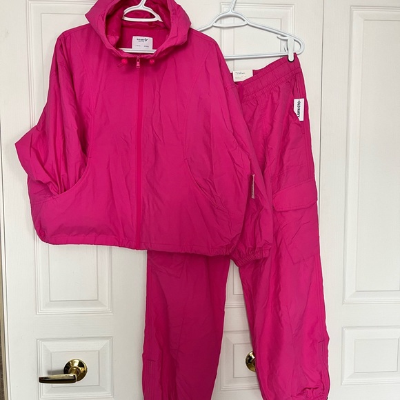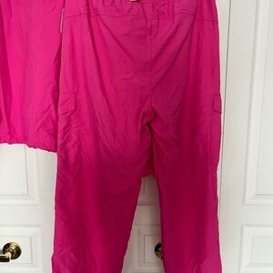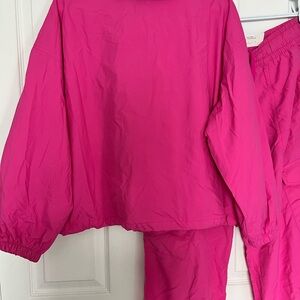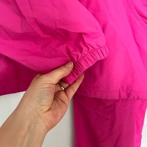 Vibrant hot pink jacket with matching pants. Quick dry fabric for comfort and style.
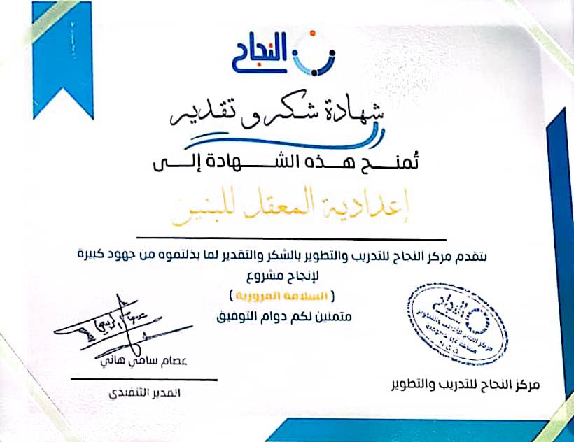 حصلت إعدادية المعقل للبنين على شهادة شكر وتقدير مقدّمة من مركز النجاح للتدريب والتطوير، وذلك تثمينًا للجهود الكبيرة التي بذلها كادر المدرسة وإدارتها المتميزة، ودورهم الفعّال في نجاح مشروع السلامة المرورية.
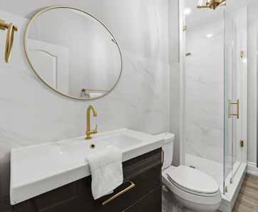 • Upgraded heated porcelain floor tiles and matching shower wall tiles
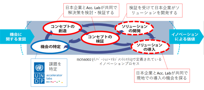 このプロジェクトの特徴は、2019年に発行されたISO 56002(イノベーション・マネジメントシステム)に定義されている“イノベーション活動のプロセス”に沿って推進していることです(下図)。当初はこのプロセスの「コンセプト(解決策)の創造」と「コンセプト(解決策)の検証」に重点を置いてきましたが、フェーズが進むにつれ、「ソリューションの開発」と「ソリューションの導入」まで踏み込み、より現地での実装に近づけています。
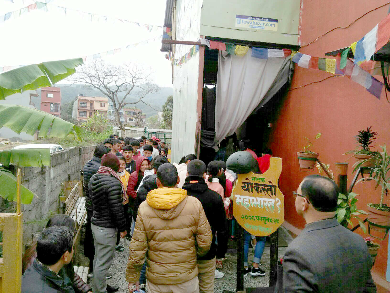 जोसमा बोलियो, गर्नेचाहिँ कसरी ? परिवर्तन कार्की आफैंलाई बोलेको कुराले बाँध्यो । यो २०७३ भदौ दोस्रो हप्ताको कुरा हो । नाटक घर थिएन । नाटक देखाउन कहिले पोखरा उद्योग वाणिज्य संघको हल, पोखरा सभागृह र चोकचोक पुग्नुपथ्र्यो ।

****************

WORK ORDER.
Using the records above, copy exactly and only the lines from the line with "shower wall tiles" through the end, both included; leave every picture out.

YOUR RESPONSE.
 • Upgraded heated porcelain floor tiles and matching shower wall tiles
 このプロジェクトの特徴は、2019年に発行されたISO 56002(イノベーション・マネジメントシステム)に定義されている“イノベーション活動のプロセス”に沿って推進していることです(下図)。当初はこのプロセスの「コンセプト(解決策)の創造」と「コンセプト(解決策)の検証」に重点を置いてきましたが、フェーズが進むにつれ、「ソリューションの開発」と「ソリューションの導入」まで踏み込み、より現地での実装に近づけています。
 जोसमा बोलियो, गर्नेचाहिँ कसरी ? परिवर्तन कार्की आफैंलाई बोलेको कुराले बाँध्यो । यो २०७३ भदौ दोस्रो हप्ताको कुरा हो । नाटक घर थिएन । नाटक देखाउन कहिले पोखरा उद्योग वाणिज्य संघको हल, पोखरा सभागृह र चोकचोक पुग्नुपथ्र्यो ।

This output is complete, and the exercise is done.